**EXTRACTED ENTRIES**

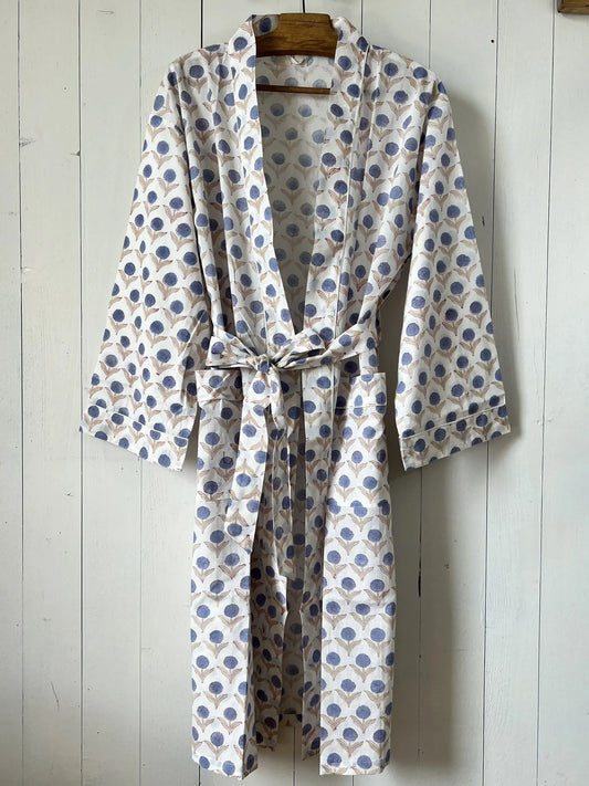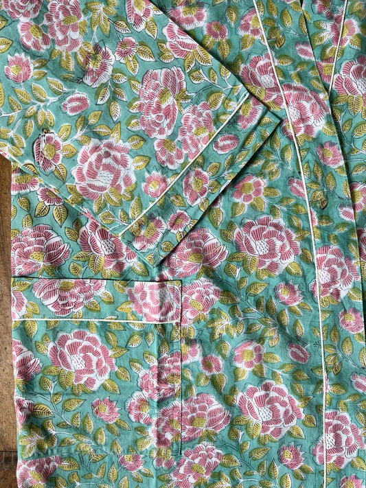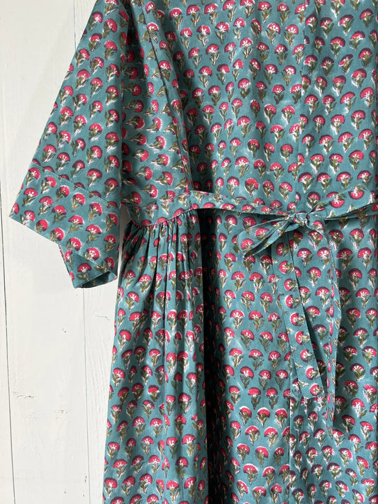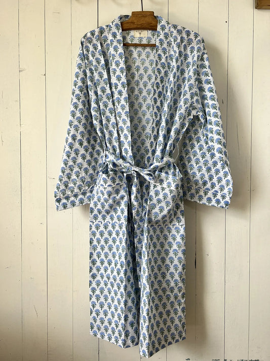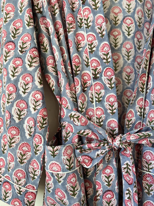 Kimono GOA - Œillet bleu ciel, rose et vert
==
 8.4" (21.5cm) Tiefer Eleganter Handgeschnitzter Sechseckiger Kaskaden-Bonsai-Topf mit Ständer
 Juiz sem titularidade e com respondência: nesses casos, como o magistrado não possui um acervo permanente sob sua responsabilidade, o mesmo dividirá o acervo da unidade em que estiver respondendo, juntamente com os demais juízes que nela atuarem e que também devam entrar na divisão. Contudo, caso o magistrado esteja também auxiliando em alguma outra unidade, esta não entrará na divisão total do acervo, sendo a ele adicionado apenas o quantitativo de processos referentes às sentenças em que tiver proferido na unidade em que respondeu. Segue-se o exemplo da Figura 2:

**WORK INSTRUCTIONS**
Output exactly the lines of the material above from the one containing "Kaskaden-Bonsai-Topf mit Ständer" up to and including the one containing "Juiz sem titularidade".

**WORKED SOLUTION**
 8.4" (21.5cm) Tiefer Eleganter Handgeschnitzter Sechseckiger Kaskaden-Bonsai-Topf mit Ständer
 Juiz sem titularidade e com respondência: nesses casos, como o magistrado não possui um acervo permanente sob sua responsabilidade, o mesmo dividirá o acervo da unidade em que estiver respondendo, juntamente com os demais juízes que nela atuarem e que também devam entrar na divisão. Contudo, caso o magistrado esteja também auxiliando em alguma outra unidade, esta não entrará na divisão total do acervo, sendo a ele adicionado apenas o quantitativo de processos referentes às sentenças em que tiver proferido na unidade em que respondeu. Segue-se o exemplo da Figura 2:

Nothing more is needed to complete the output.